Like rolling out fibre infrastructure which is truly the backbone of the technology nation.

A backbone that enables every business in Scotland – no matter where they are located – to play its part in the digital economy.

Our record investment in the R100 programme is extending gigabit-capable fibre networks across the length and breadth of Scotland.

Over the past ten years, we have invested over £1 billion delivering almost one million broadband connections.

5G is another engine of growth and its adoption has the potential to increase Scotland’s GDP by up to £17 billion, adding up to 160,000 jobs and helping to create over 3000 new businesses by 2035.

That’s why we’ve invested over £14 million in establishing the Scotland 5G Centre and its network of regional hubs.

And our enterprise agencies are of course playing their part and I will hopefully come on to one of the points about scaling up.

Scotland continues to be the most attractive location outside of London for inward investment, with more than 8,500 jobs created last year.

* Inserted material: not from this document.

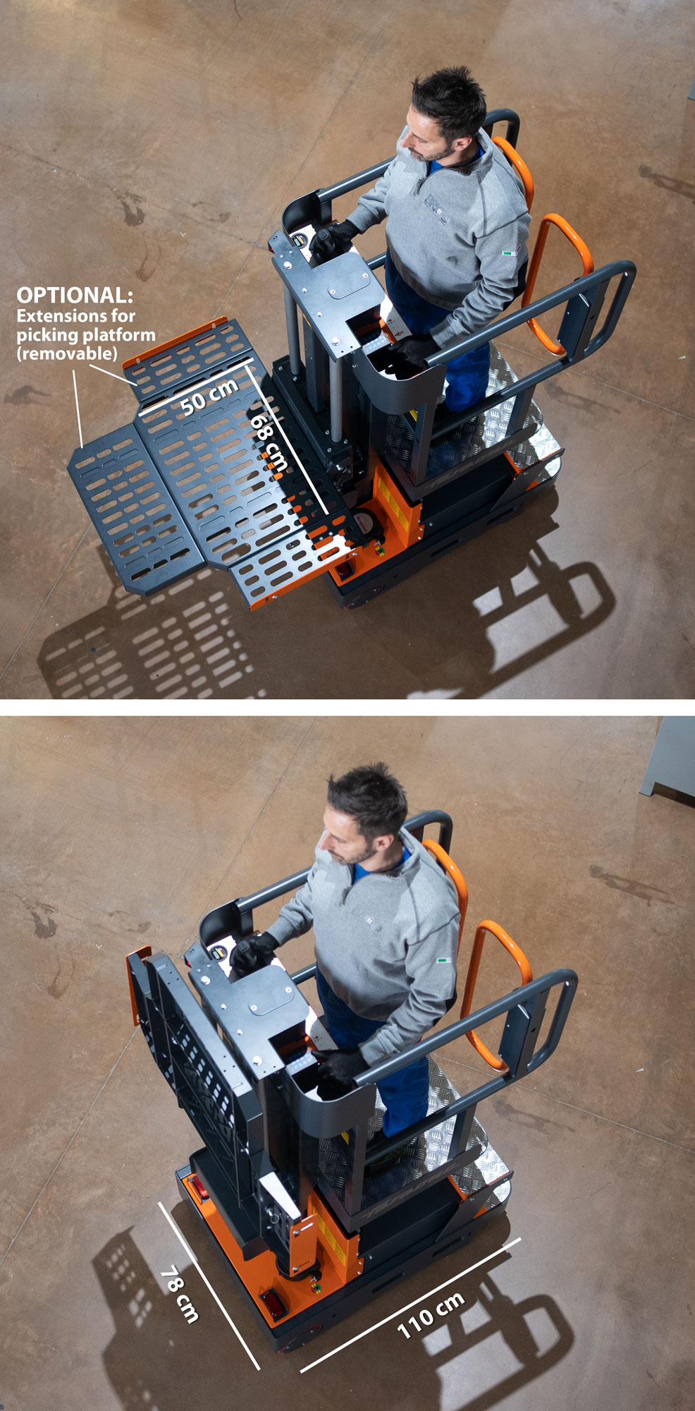 wysokość robocza do 6 m – łatwy dostęp do wyższych poziomów regałów

Our projects were up by 3.3% in 2022, compared to a 6.4 per cent fall in the UK. In terms of inward investment we are outperforming the UK as the best performing area outside London.

Our agencies work together of course to help businesses access the capital they need to grow.

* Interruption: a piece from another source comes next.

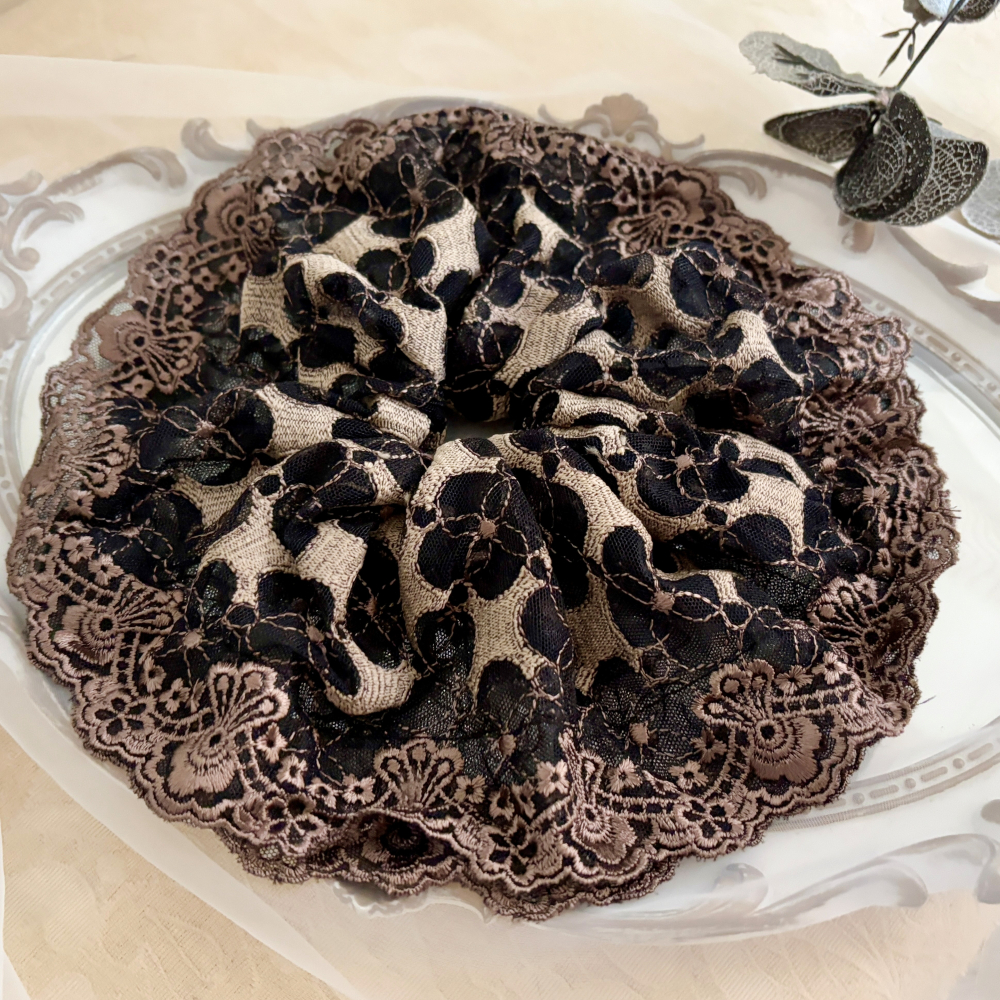 *哈娜髮飾*法式刺繡蕾絲大腸圈/ 髮圈 大腸髮圈 髮束 髮繩 髮飾 頭飾 禮物

M Squared Lasers, a quantum and photonics company in Glasgow, received £12.5m investment from the Scottish National Investment Bank in November 2020. It’s first investment.

 The Bank has now committed over £500 million of investment to 31 businesses and projects, bringing alongside it more than £800 million of investment from third parties.

In fact, research last year showed that equity investment into Scottish businesses reached a record £953 million, that was an increase of 26% from 2021.

A strong and vibrant technology sector can do much to help us manage the challenges as well that we are facing now and in the future.

So these sectors generate high value employment and high wages.

And more tax revenues.

And they are export driven.

Many tech sectors pay well above the national average.

The photonics sector, for example, has an average employee GVA of £89,000 thousand.

And it’s important for us all in this chamber today as I draw to a conclusion, to remember the ultimate point of all this.

Technology can improve our quality of life, save our planet and support humankind.

It can keep us secure, protecting vital systems and services from attacks.

We’re producing agri tech, climate tech, cleantech, education tech and so much else.

And much of the emerging new technologies to help the public sector and public good are emerging through our successful CivTech programme as well.

So in conclusion Deputy Presiding Officer, to ensure Scotland’s high-tech industries are equipped to meet future challenges, the Scottish Government will

  • continue to invest in digital and enabling infrastructure
  • we will work with business to develop a Green Industrial Strategy
  • we are going to convene the industries to come together to understand how we can better support and drive collaboration between these high tech industries
  • we want to explore the appointment of ambassadors for instance for each of these high-tech industries
  • we want to promote Scotland’s position as a science and technology nation

It’s 25 years since the opening of this Parliament. We have witnessed enormous changes in that time.

And 25 years from now the world won’t be the same as it is today.

But Scotland is in a position of strength.

And Scotland can be, and if we play to our advantages, will be, a hub of world class science and technology and I urge Parliament to support the motion.